THE AWARENESS SERIES AT AGH
Photo exhibition explores government’s former ID system for Inuit people
If you have trouble accepting the term “colonialism” to describe Canada’s relationship with its Indigenous people, you may want to take in the new Art Gallery of Hamilton exhibition by Ottawa-based photographer Barry Pottle.
It’s called “The Awareness Series” and focuses on an embarrassing relic of our bureaucratic past called the “Eskimo Identification Tag System,” a federal program that saw every Inuk issued a small disc — some made from leather, others made from cardboard — with a number etched into it.
No name, just a number. It’s the way the government kept track of the Inuit population from 1941 into the 1970s. They were asked to wear the discs at all times. A small hole was cut into the tags so they could be worn around their necks on a string or piece of hide.
At the time, Inuit names presented a problem for government officials. They were difficult to pronounce and there was no written language. As well, many Inuit possessed no surnames.
It was easier for bureaucrats to simply assign them numbers. No names — like on military dog tags or social insurance cards — just numbers, and a letter designating location. “E” for east. “W” for west.
On the reverse side was a picture of a crown encircled by the words “Eskimo Identification Canada.”
Pottle’s “Awareness Series” is a suite of 19 photos, contrasting images of the discs with portraits of people enrolled in the program. Some of the tags feature personal markings. Handwritten on one is the name “BILLY.”

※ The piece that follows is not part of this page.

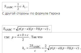 Стороны треугольника а, b, с. Найдите высоту треугольника, опущенную на сторону с
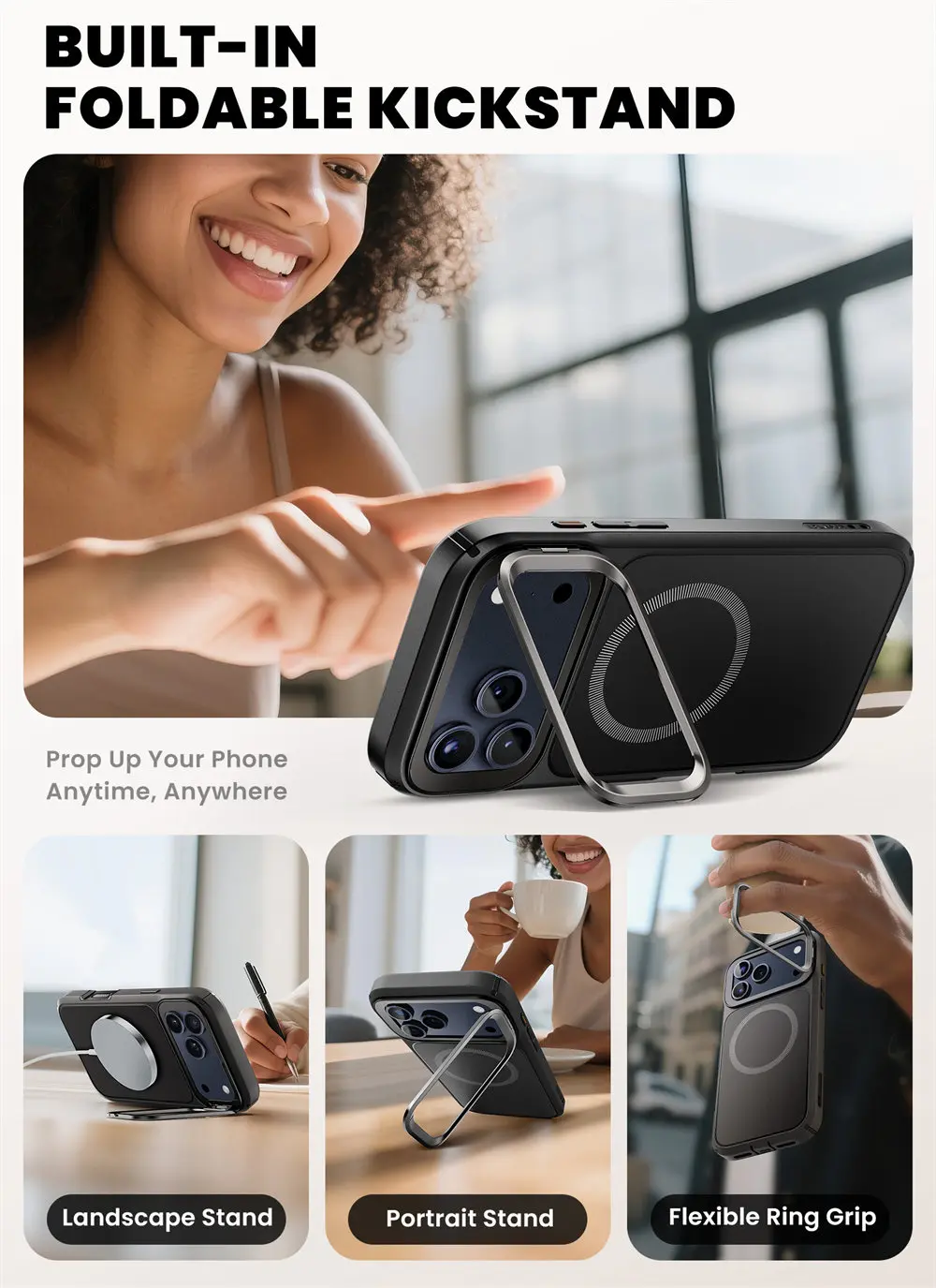 [Built-in Stand Features] Zinc alloy anodized camera stand offer multiple viewing angles and supports handheld grip mode for shooting while doubling as a ring holder.

The exhibition is simple and effective. Pottle’s photos are displayed in a room that also contains the Chedoke Collection of Inuit Art, a remarkable array of soapstone carvings made by tuberculosis patients brought from the Arctic to Hamilton’s Mountain Sanatorium during the 1950s and ’60s. It doesn’t take long to realize that many of these talented carvers came to Hamilton as numbers.

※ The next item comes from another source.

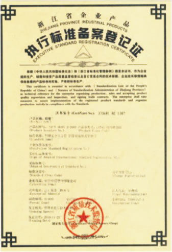 執行標準備案登記證

Pottle, an Innu born in northern Labrador now living in Ottawa, learned of the tag system while studying art at Carleton University in the early 1990s. He noticed some Inuit artists signed their work with numbers.
The tagging system came as a surprise to Pottle. It had never been used in his native Labrador, which had not yet entered confederation when the tags were introduced to the Northwest Territories in the early ’40s.
“I found it a bit disturbing that it had happened,” Pottle, 55, says in an interview from his home in Ottawa. “I was pretty perplexed about it.”
Eventually, he decided to use his art to raise awareness of the tag system.
“I knew that a lot of people in mainstream society didn’t know about it,” Pottle explains. “My idea was to bring it to the fore, bring it to mainstream society and do it in a respectful way.”
Ottawa contains a large Inuit population, the largest in southern Canada, and Pottle began meeting community members who had been issued tags. Few had kept them, but many still remembered their numbers. Many of the discs in Pottle’s series come from the collection of one family, that of Reepa Evik Carleton, whose photo is also in included in the installation.
Pottle discovered opinion about the tag system was mixed within the community. Some resented the dehumanizing numbers. Others took pride in their tags and used them as a source of cultural identity. One Ottawa woman, Leena Alivaktuk (E. 6-761), still wears her tag on a chain around her neck.
“She wears her tag every day,” Pottle says about Alivaktuk, a subject of one of his photos. “She’s very proud of it.”
In “The Awareness Series,” Pottle chose to put aside any judgment of the system. He chose instead to contrast photographs of the tags with portraits of people who were issued them.
“I didn’t want to offer an opinion from an artistic point of view,” Pottle says. “I was more interested in just getting it out there. I didn’t want to take a side. It wasn’t the point, to take a side. I wanted to just bring it to the fore.
“I wanted to show the human dimension, put a face to it, juxtapose the program with the people.”